I've written "self-modifying" (really JITed) code for several architectures, mainly ARM, and I when I had to do it for amd64 I was very much surprised by how straightforward it was.
On ARM you have to be very careful to handle the cache correctly when you write self-modifying code, because when you access memory using a regular load or store it's obviously treated like data and goes through the data cache while the instructions are fetched through the instruction cache. So when you write an opcode you have to be careful to flux it out of the data cache (at least up to the point where the caches unify, typically L2 on ARM) and then invalidate the icache to make sure that you get the opcode back.

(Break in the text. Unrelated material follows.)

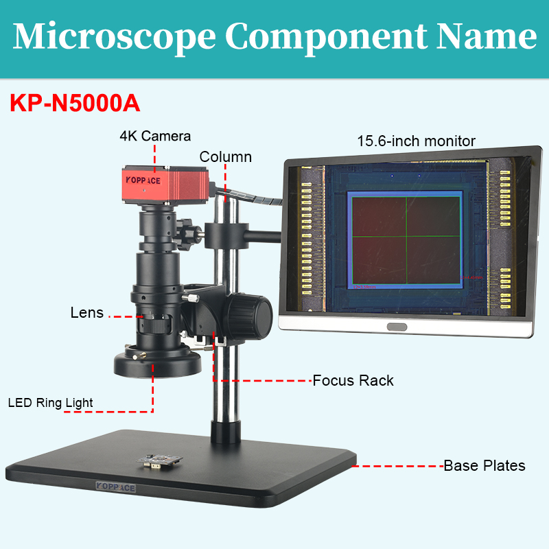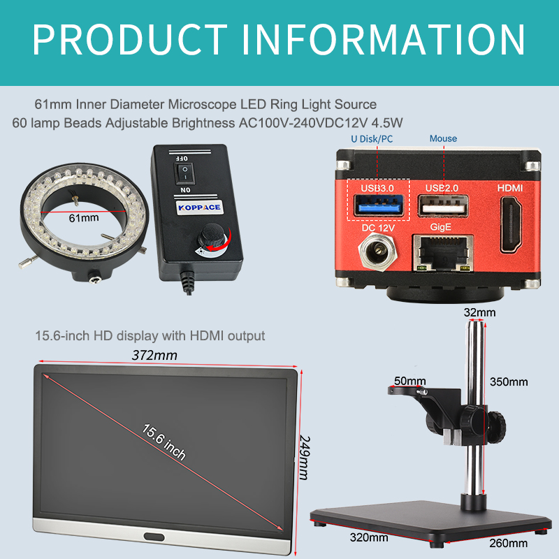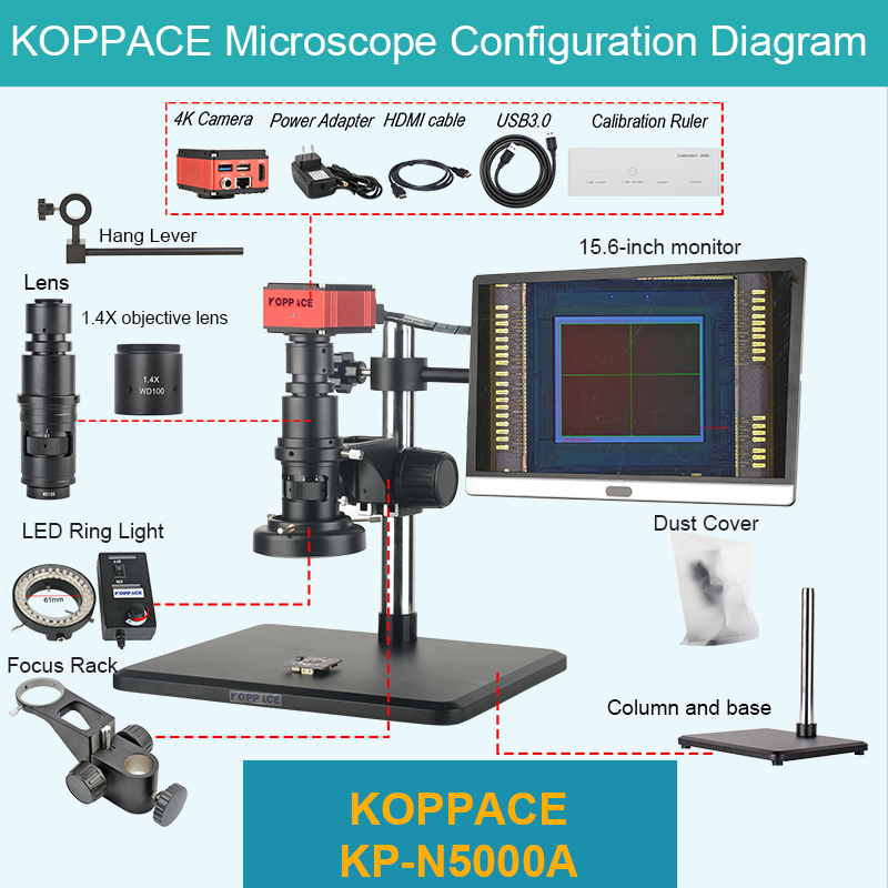 | Packing List | 1. Column and base *1 2. Focusing Bracket *1 3. Continuous Zoom Lens *1 4. 1.4X objective lens *1 5、LED Ring Light *1 6、Dust Cover *1 7、4K Camera *1 8、HDMI Line *1 9、The Camera Power Adapter *1 10、Calibrating Ruler *1 11、USB 3.0 Line *1 12、15.6 Inch Monitor *1 13、Hang Lever *1 |

On modern x86-64 architectures, which typically have a very advanced cache system, I expected to have to deal with that as well. As this article shows, you don't. You just write whatever and you can execute it straight after. When you think about it it's a rather complicated thing for the hardware to implement. I wonder why they do it that way instead of relying on the software to issue flushes in the (relatively rare) situations where a hazard is possible.
So did they keep it that way purely for historical reason and back-compat? Few people write self-modifying code (or even code loaders) these days, it seems like a tricky feature to implement in hardware for relatively little gain.
Depends if the self-modifying code in question is stuff like kernel drivers for popular hardware on widely used operating systems. The x86 manufacturers do bend over backwards for compatibility. You can run 16 bit code on the latest i9 processor if you like, including MSDOS if your motherboard still supports legacy boot modes. That is a remarkable level of backwards compatibility.
Obfuscation. It might be a terrible practice, but has spawned entire languages, including some that have been used on occasion by industry, as well as the puzzle-solving community at large. (Say, integrate it into a `compile --release` flag.)
Right off the back of obfuscation, DRM. If the code modifies itself, especially in unexpected ways, then breaking it becomes harder. (`compile --protect`?)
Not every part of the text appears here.